Martina Paukova is a Berlin-based illustrator whose work delights in awkwardness, often depicting “gangly millennials” and cleverly distilling the universal yet distinctly first-world-problem discomforts of being a person in the 21st century. She’s worked for clients including Converse, WeTransfer, Lexus, Refinery 29, and The Guardian, but here she’s turning her hand to answering our 13 taxing/banal questions. Do yourself a favor and follow her on Instagram @martinapaukova.
Describe what you do in four words or less: Flattened people and realities.
When did you know you wanted to be an illustrator? When I was 26.
If you weren’t a designer, you’d be: A behavioral scientist or baker.
The typeface you love/hate/love to hate: Love Aperçu. Hate Myriad Pro.

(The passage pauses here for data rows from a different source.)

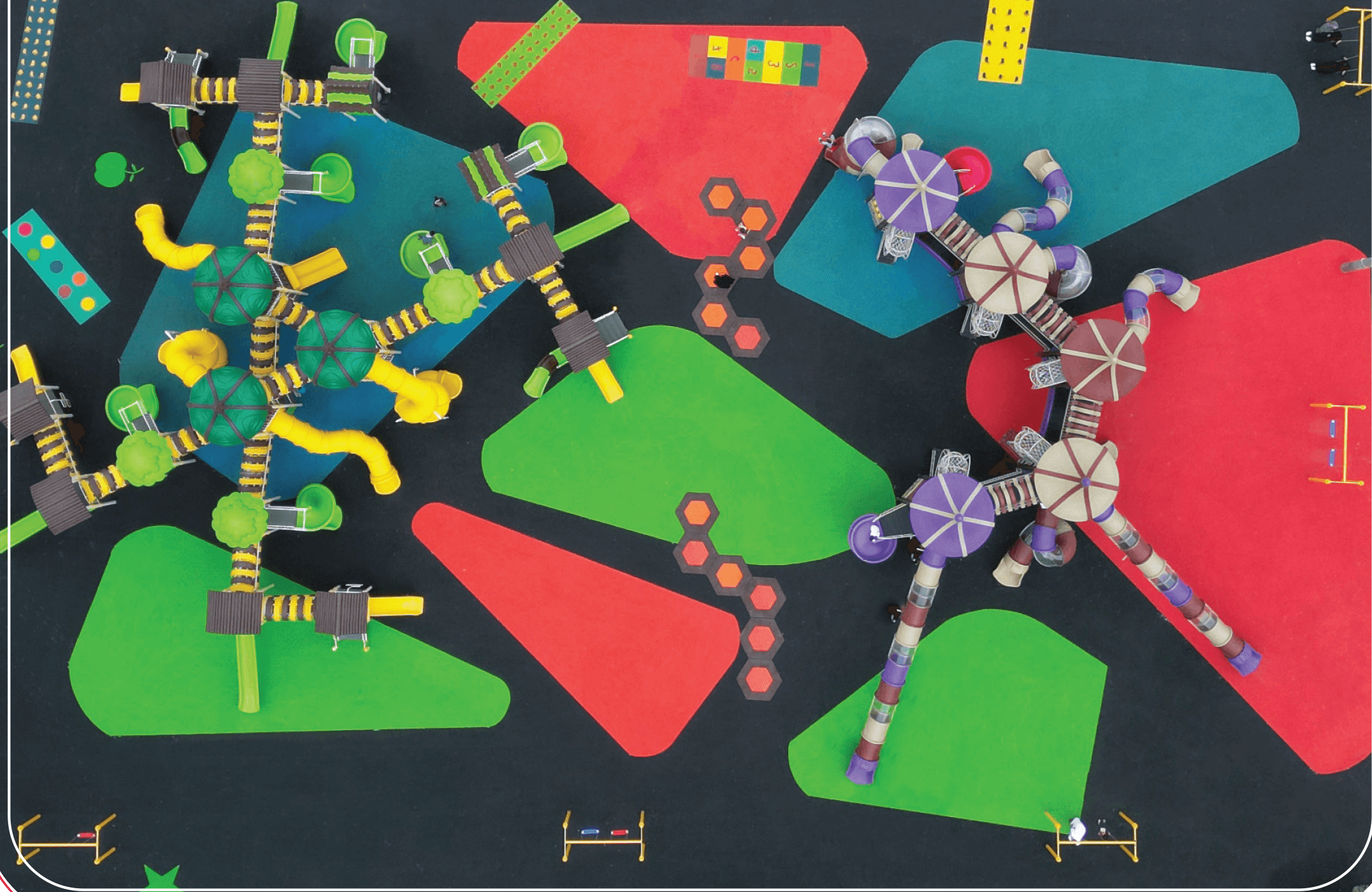 • طبقة ثانية مزيج من بولي يوريثان بايندر وحبيبات SBR قياس 3-1 وبمعدل خلط 20% ينفذ بواسطة الة الرصف من شركة SMG.
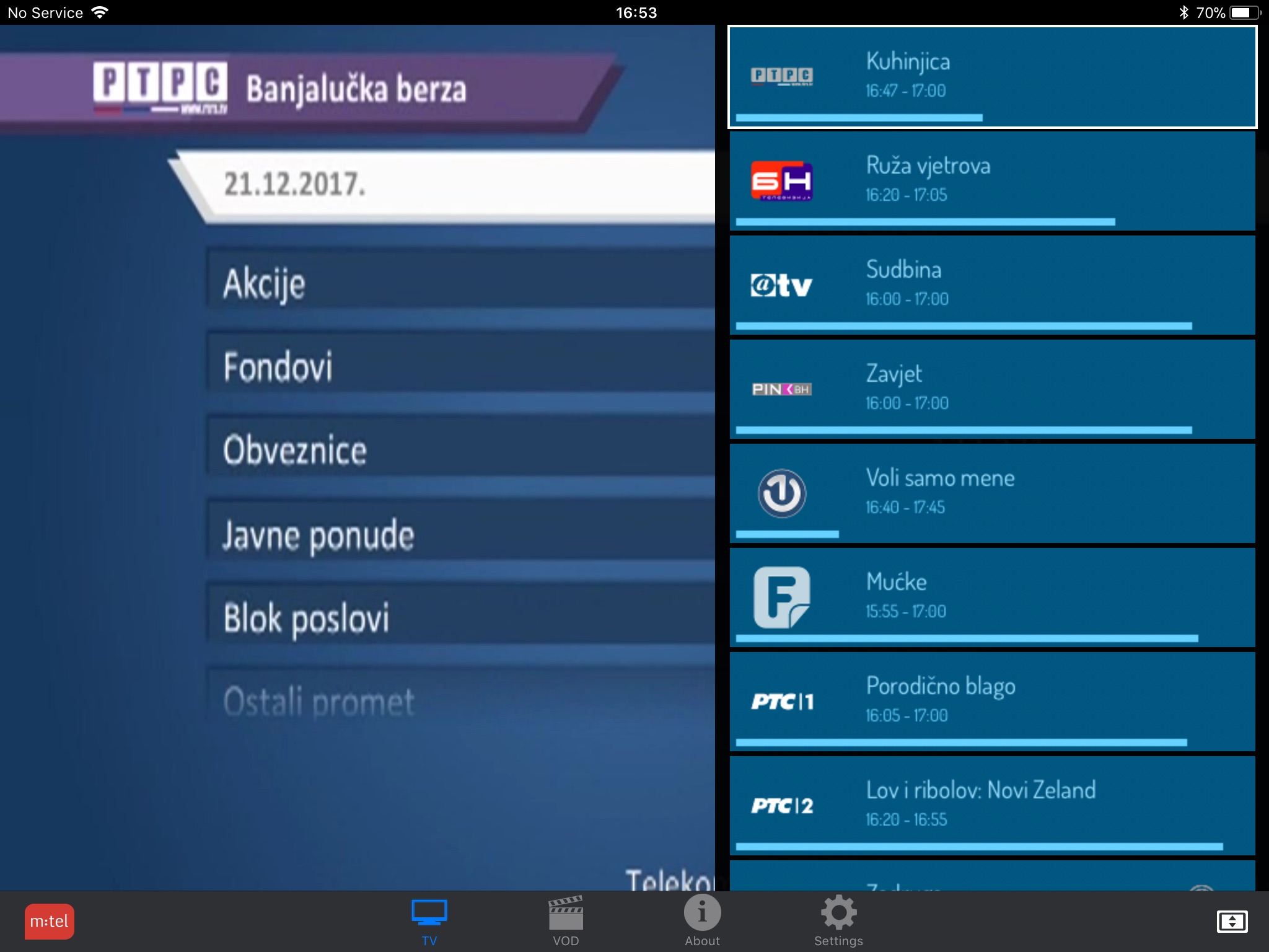 Televizija za ponijeti! Ponesi Open To Go sa sobom gdje god to poželiš i prati izbor najboljih TV programa na mobilnom telefonu ili tabletu. Na raspolaganju su i videoteke sa hiljadama časova najboljih filmskih, serijskih i dokumentarnih sadržaja iz svjetske produkcije. Saznaj više na http://open.mtel.ba ili pozovi besplatni info telefon 0800 50 000.
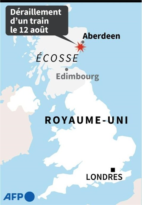 Les services de secours ont été appelés à 09h43 heure locale (08h43 GMT) à la suite du déraillement du train, composé de quatre voitures et parti à 06h38 d'Aberdeen en direction de Glasgow. L'accident est intervenu près de Stonehaven, à environ 25 kilomètres au sud d'Aberdeen, où le trafic ferroviaire était perturbé en raison de glissements de terrain.
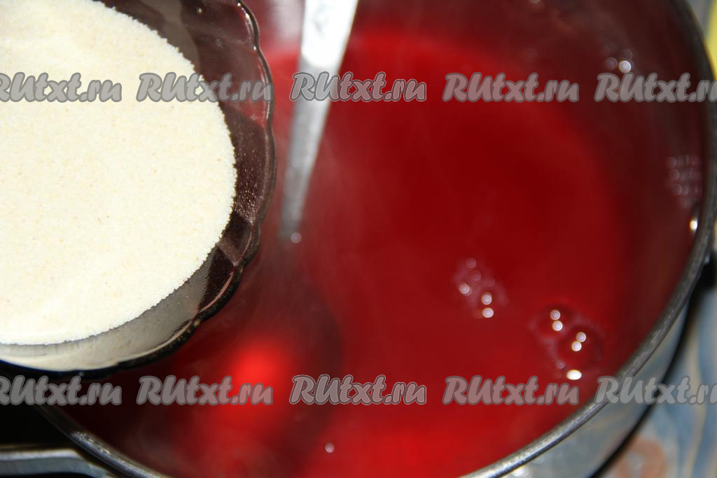 Добавить в кастрюльку с ягодным отваром сахар и ванильный сахар. Хорошо перемешать, затем тонкой струйкой всыпать манку, интенсивно перемешивая венчиком, затем поставить на огонь.
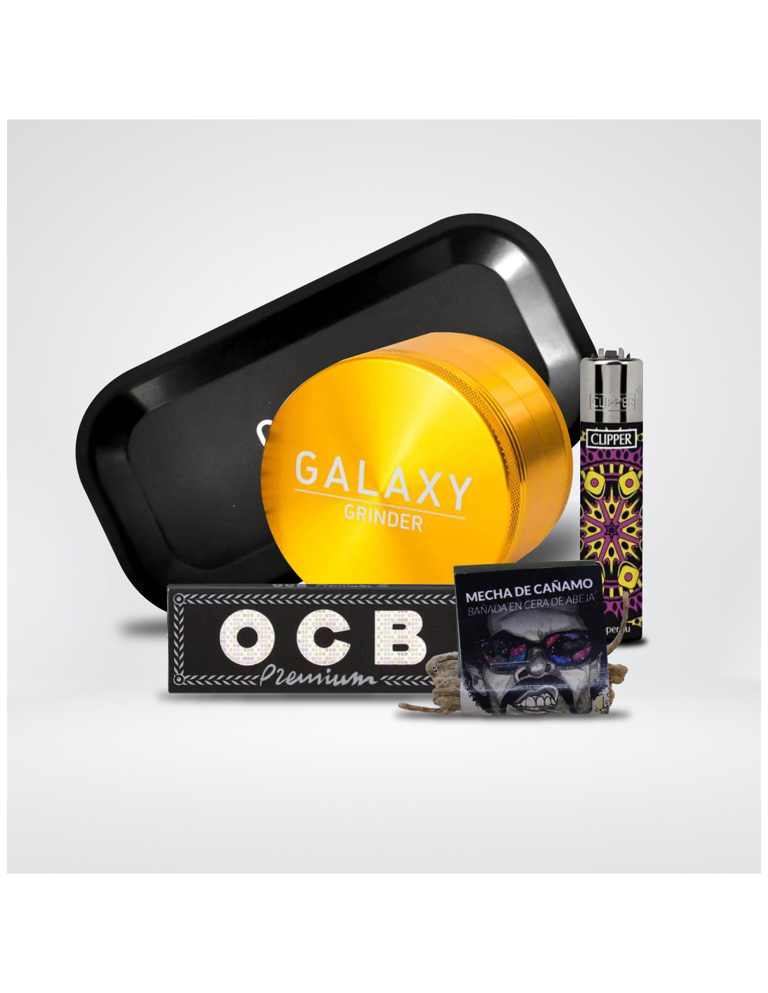 Eleva tu ritual de cannabis con este exclusivo pack, diseñado meticulosamente para los aficionados que valoran la calidad y la comodidad. Este conjunto integral transforma cada sesión en una experiencia sofisticada y placentera, destacando por su funcionalidad y estilo. El corazón del pack es el Galaxy Grinder de 63 mm, una obra maestra en diferentes colores que garantiza una molida perfecta de tus cogollos, preservando su frescura y potenciando su aroma. Acompañándolo, la bandeja de enrolado de hemp Galaxy que no solo es práctica sino también un accesorio distintivo que refleja tu pasión por el universo del cannabis.
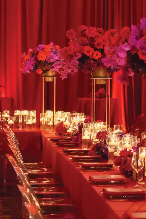 Service began as soon as guests arrived, greeted by fiery florals and attendants in chic red suits guiding them to the event space. Guests passed through candlelit corridors, receiving champagne flutes with monogrammed popcorn cones along the way, before entering a theatrical ceremony scene defined by sweeping red drapery, towering chandeliers and a floral aisle leading to a stage. “It was a scene I designed to evoke awe and emotion, balancing intimacy with spectacle,” Mansy says.
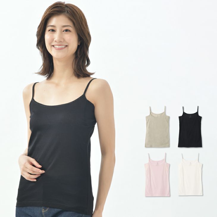 襟ぐりやキャミソールストラップ部も綿100%の共生地を使用。
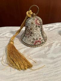 Campanella rivestita in tessuto gobelin con carillon funzionante, anni ‘70, perfettamente tenuta
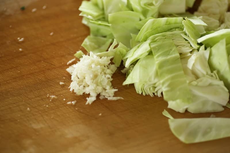キャベツは外側の葉の部分にビタミンCが豊富。次に多いのが芯のところ。天然の胃腸薬と呼ばれるビタミンU(キャベジン)も豊富。今回は栄養を余すことなくいただく為、芯も細かく刻んで全て使用します。カルシウムも豊富で、カルシウムの吸収を促す脂溶性のビタミンKも含まれているため、油で炒めてからスープとして摂取する調理工程を選択しました。ビタミンCは加熱による損失が言われますが、スープに溶け出たビタミンCは、アミノ酸化合物などの別の成分と反応することにより、同じ働きを取り戻すという説も。よって、スープも具材も、全て一緒に大切にいただくことを心がけます。
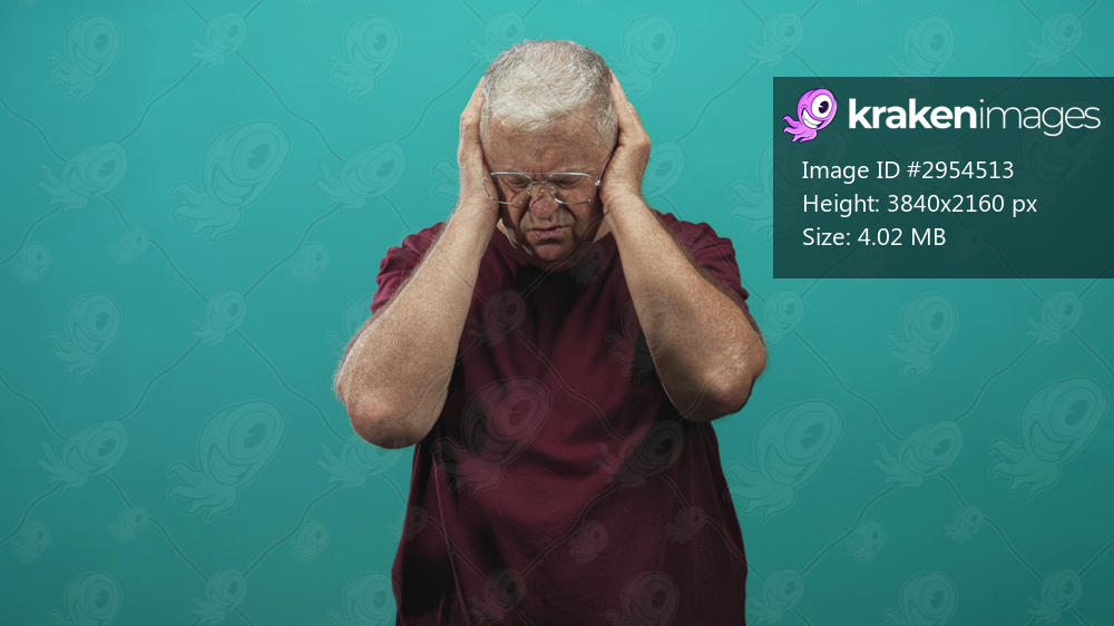 Man pressing hands to ears and wincing, wearing glasses and burgundy shirt in studio; pain isolation.
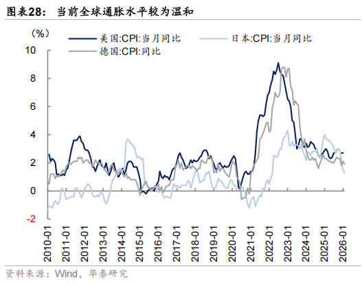 1)当前全球总体通胀水平低于70年代第二次石油危机和2022年俄乌冲突前的起点。2026年2月,美国、日本、德国CPI同比增速分别为2.4/1.3/1.9%。相比之下1978年10月石油危机前上述三国通胀水平8.9/3.7/2.4%,且由于刚经历过第一次石油危机的阴影,通胀预期也处在高位;2022年1月俄乌冲突前,美国、日本、德国CPI同比增速同样高达7.5/0.5/4.2%。
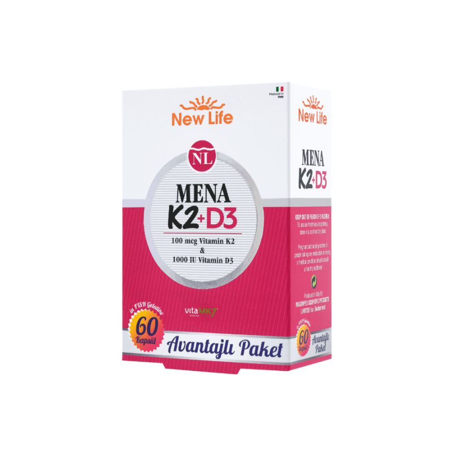 Mena K2 + D3 içerisinde bulunan Menakinon - 7 yani K2 vitamininin doğal formudur. Mena K2 + D3 içerisinde bulunan doğal K2 vitamini geleneksel bir Japon yiyeceği olan Natto’ dan elde edilmektedir. Mena K2 + D3 içerisinde aynı zamanda D3 vitamini de bulunmaktadır. D ve K vitamini normal kemiklerin korunmasına katkıda bulunur. D vitamini kalsiyumun ve fosforun normal emilimine kullanımına katkıda bulunur. New Life Mena K2 + D3 Türkiye’de piyasaya çıkan ilk K2 vitaminidir. K2 vitamini yağda çözünen bir vitamindir ve vücuda alındığında emiliminin gerçekleşebilmesi için yağlı bir ortam gerekmektedir. Mena K2 + D3 İçeriğindeki zeytinyağı sayesinde yüksek emilim gösterir. New Life Mena K2 + D3, doğal K2 vitamininden zengin Natto’nun üretimi için gerekli olan tek bakteri olan Bacillus Subtilis bakterilerinin patentli biyofermantasyon yöntemi ile elde edilmektedir. Balık jelatini kapsüller sindirim sistemine uyumludur, kötü koku ve tada yol açmaz. Bu özelliği sayesinde Mena K2 + D3 rahat bir kullanım sağlamaktadır. Süperkritik CO2 teknolojisi kullanılarak saflaştırıldığından herhangi bir kimyasal çözücü, koruyucu katkı maddesi veya sentetik işlem içermez. Mena K2 + D3 kapsülleri hijyenik tekli paketleme ( blister ) sayesinde kullanım sırasında havayla temas etmez, oksidasyon riski yoktur bu duruma bağlı oluşabilecek tat ve kokuda bozukluk ve kapsüllerin yapışması gibi sorunlar görülmez.
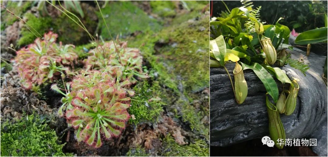 茅膏菜(左)、猪笼草(右)。通讯员供图
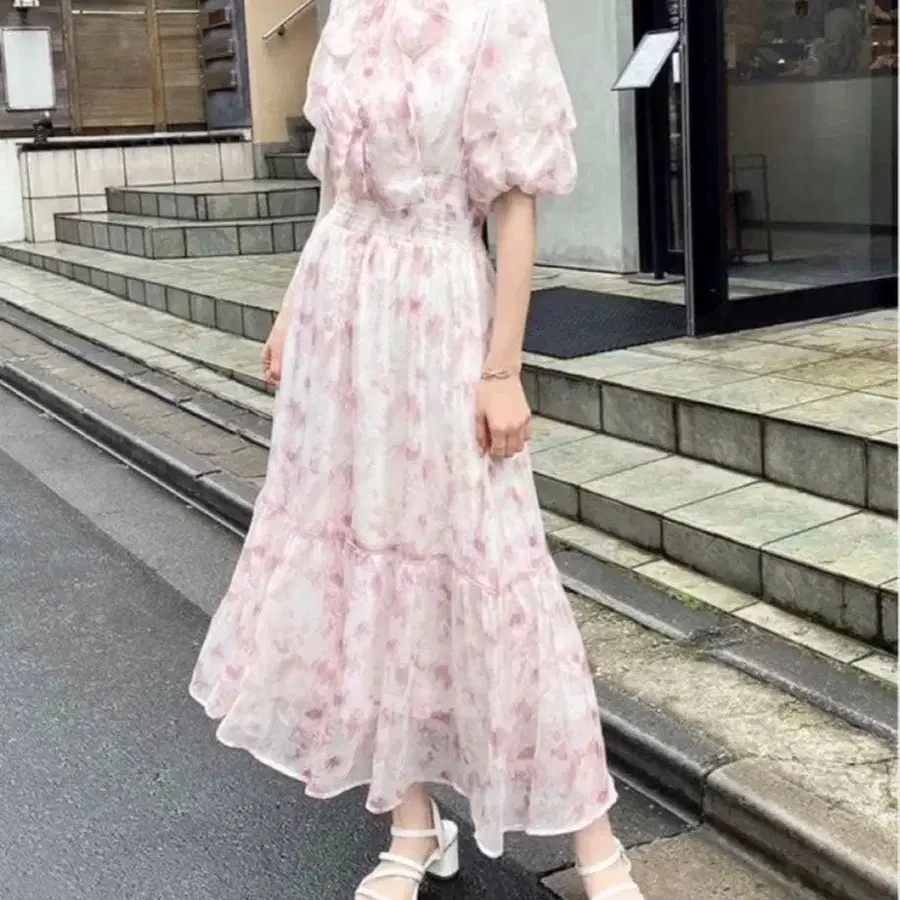 NICE CLAUP 수채화 패턴 보우다이 원피스 핑크
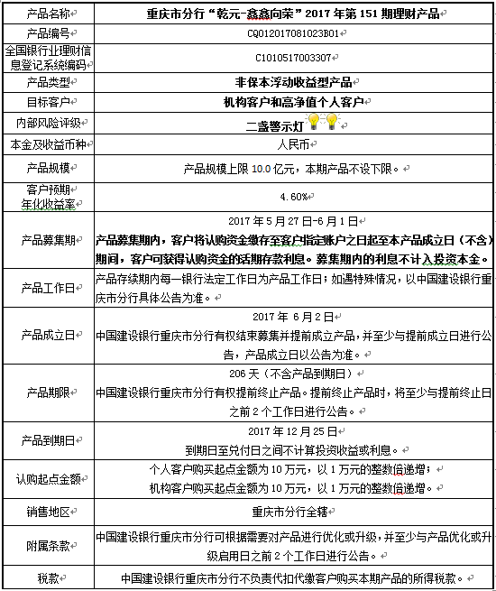 2017年第151期理财产品说明书
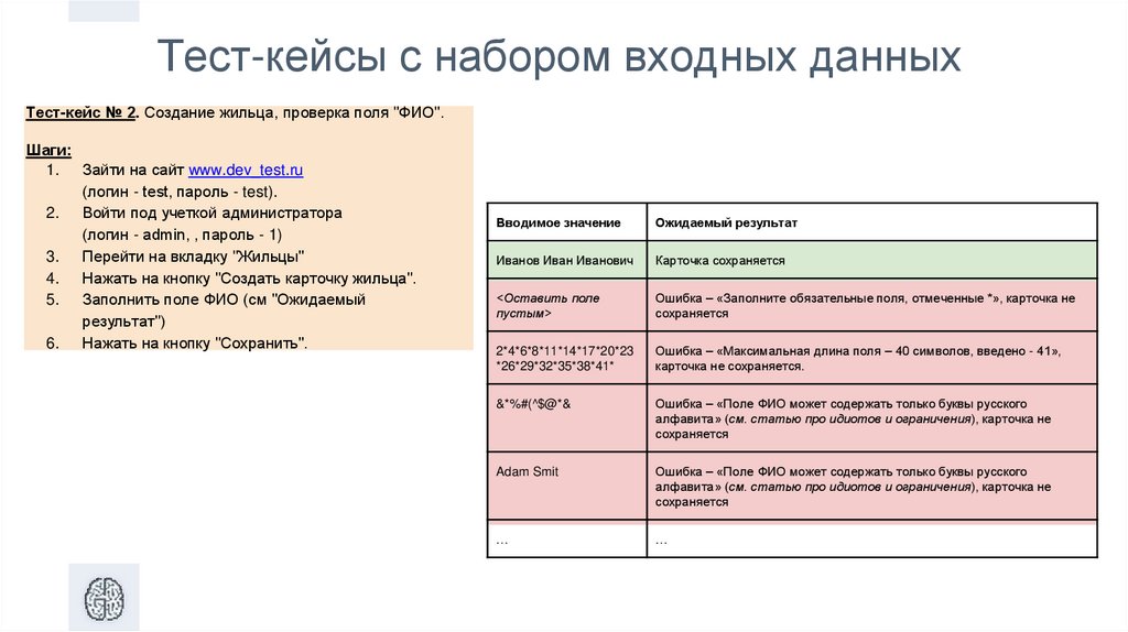 Разработка тестового примера

Your dream design (or redesign) project is: To design the wall interiors for Google headquarters in Mountain View, California.
What’s the best piece of advice you’ve received (and who said it)? This isn’t an exact quote, but Trey Parker (co-creator of South Park) said something to effect of: “It’s important to know when to stop. You can’t just keep going. If you do, eventually you start second-guessing yourself, and not only do you spend too much time on one image, you also end up with an image that’s probably only 5% better than the one you started from.”
The quality in others you most admire is: Compassion.
You’re secretly really good at: Dissecting the taste profile of unsalted butter.
The biggest design cliché right now is: The whole low-brow pretty/ ugly movement.
What keeps you awake at night? The future.
What contribution will you make to the creative community in the next 10 years? Piles of faded digital prints and megabytes of images randomly circulating the web at medium resolution.
What question are you dying to answer that we haven’t asked? “What is the book that most influenced your practice?”
What’s the answer? Human Space by Otto Friedrich Bollnow.